J. Edgar Hoover (1935-1972): First Director of the Federal Bureau of Investigation, Hoover

reportedly investigated Irving Berlin for the composer’s political involvement.   Berlin frequently

donated rights to his songs to serve as rallying points for causes, including support of Al Smith

and Dwight Eisenhower as presidential candidates (“I Like Ike”), as well as songs opposing

prohibition, defending the gold standard, helping the war against Hitler, and a 1950 anthem for

the state of Israel.

Scott Joplin (1867/68 - 1917): African-American composer and pianist known as the “King of

Ragtime Writers” during his brief career, who popularized the ragtime genre prior to World War I.  

Scott Joplin.

George S. Kaufman (1889-1961): American playwright, theatre director and producer, drama

critic and humorist.  Kaufman is best known as the winner of the 1937 Pulitizer Prize for Drama

for You Can’t Take it With You, written with Moss Hart; Of Thee I Sing, with Morrie Ryskind and

Ira Gershwin; and director of the Tony Award-winning Guys and Dolls.

George S. Kaufman.

Jimmy Kelly: An ex-prize fighter and proprietor of Jimmy Kelly’s, a popular show business hangout,

where young Berlin wrote and sold songs until Fanny Brice performed his “Good-bye, Becky

Cohen” in the annual Ziegfeld Follies in 1910, sparking Berlin’s prolific rise through the industry.
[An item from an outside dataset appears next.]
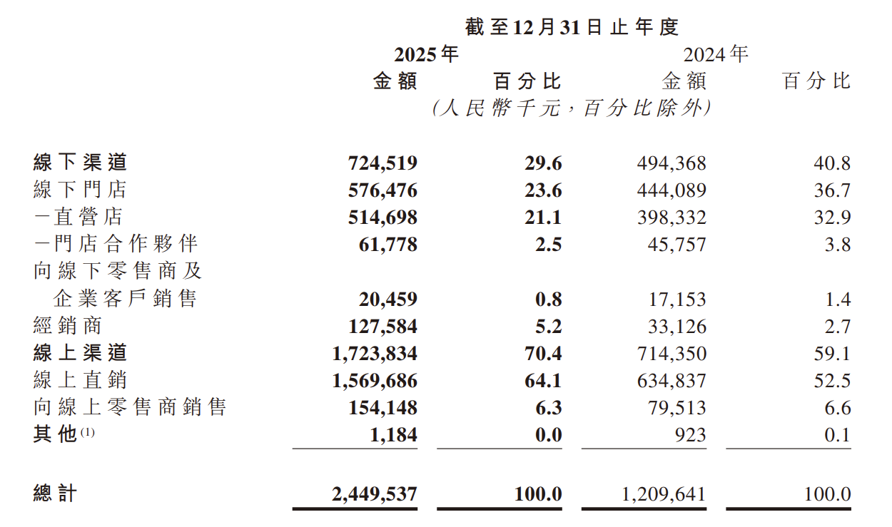 线上渠道总营收达到17.24亿元,占总营收的70.4%,较2024年的7.14亿元大幅增长。

Jerome Kern (1885-1945): American composer specializing in popular music and musical

theatre, best-known for such classics as “Ol’ Man River”, “The Way You Look Tonight”, and

numerous collaborations with leading lyricists and librettists of the era. He was a close friend

and contemporary of Irving Berlin, and his musical innovation included 4/4 dance rhythms,

syncopation, and jazz progressions building out of the ragtime and musical theatre traditions.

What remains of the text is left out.